Habitação avança em três frentes em São Jorge D’Oeste: Município esclarece Vitória II, apura divergência em área e projeta novas casas em Paranhos
A habitação esteve no centro de uma reunião realizada pela Administração Municipal de São Jorge D’Oeste com representantes do Legislativo e equipes técnicas nesta Segunda-Feira(17).
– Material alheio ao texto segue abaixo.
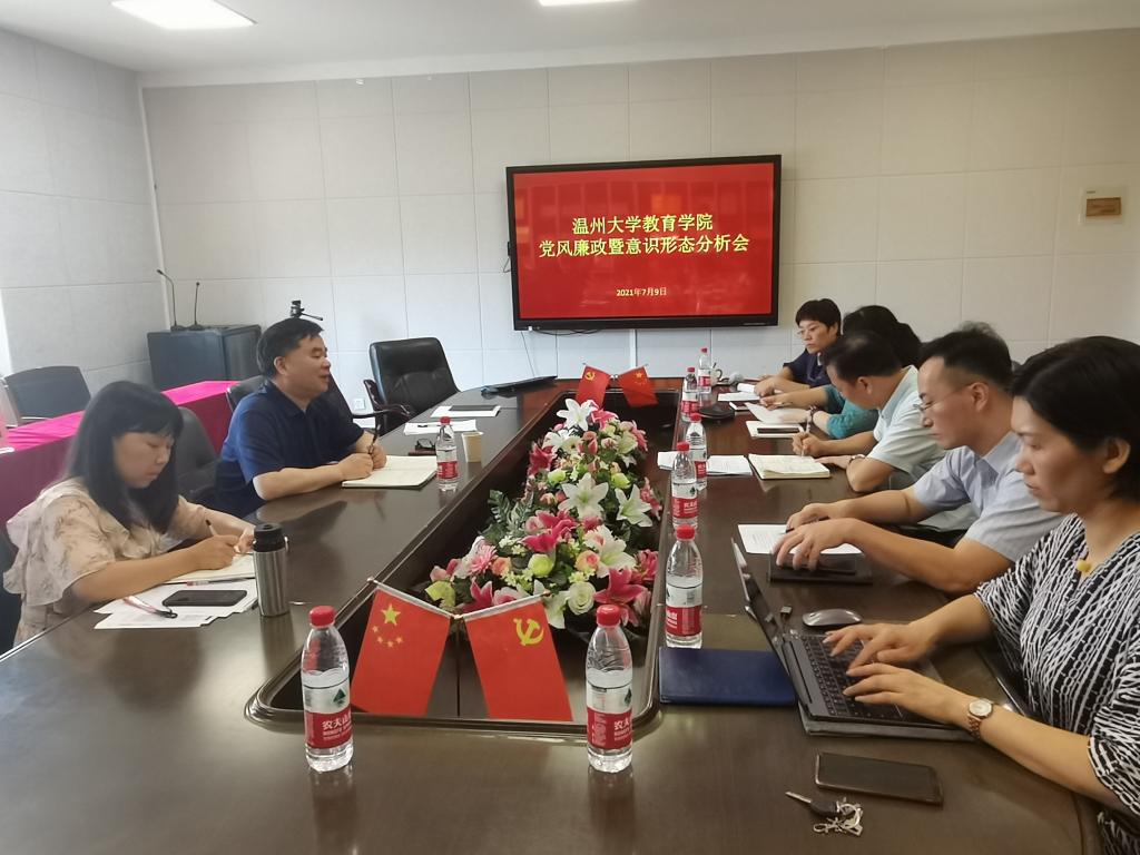2021年7月9日下午14点,在茶山南校区9号楼A410会议室,学院党委书记何毅同志主持召开教育学院领导班子2020/2021学年第二学期党风廉政分析会。副校长、党委委员徐和昆同志,学院党委班子成员叶新东、林琛琛、彭小媚、宋占美、章园园等同志参加会议,副院长王志强、学工办主任严晓秋列席会议。

Durante o encontro, o prefeito Gelson Coelho apresentou detalhadamente três situações distintas: o processo de regularização ambiental necessário para concluir as 15 residências do Conjunto Habitacional Vitória II; a averiguação de uma divergência de metragem em outra área adquirida pelo Município e destinada a um futuro empreendimento habitacional; e o início de um novo projeto, em parceria com a Caixa Econômica Federal, que terá como primeira frente o distrito de Doutor Antônio Paranhos.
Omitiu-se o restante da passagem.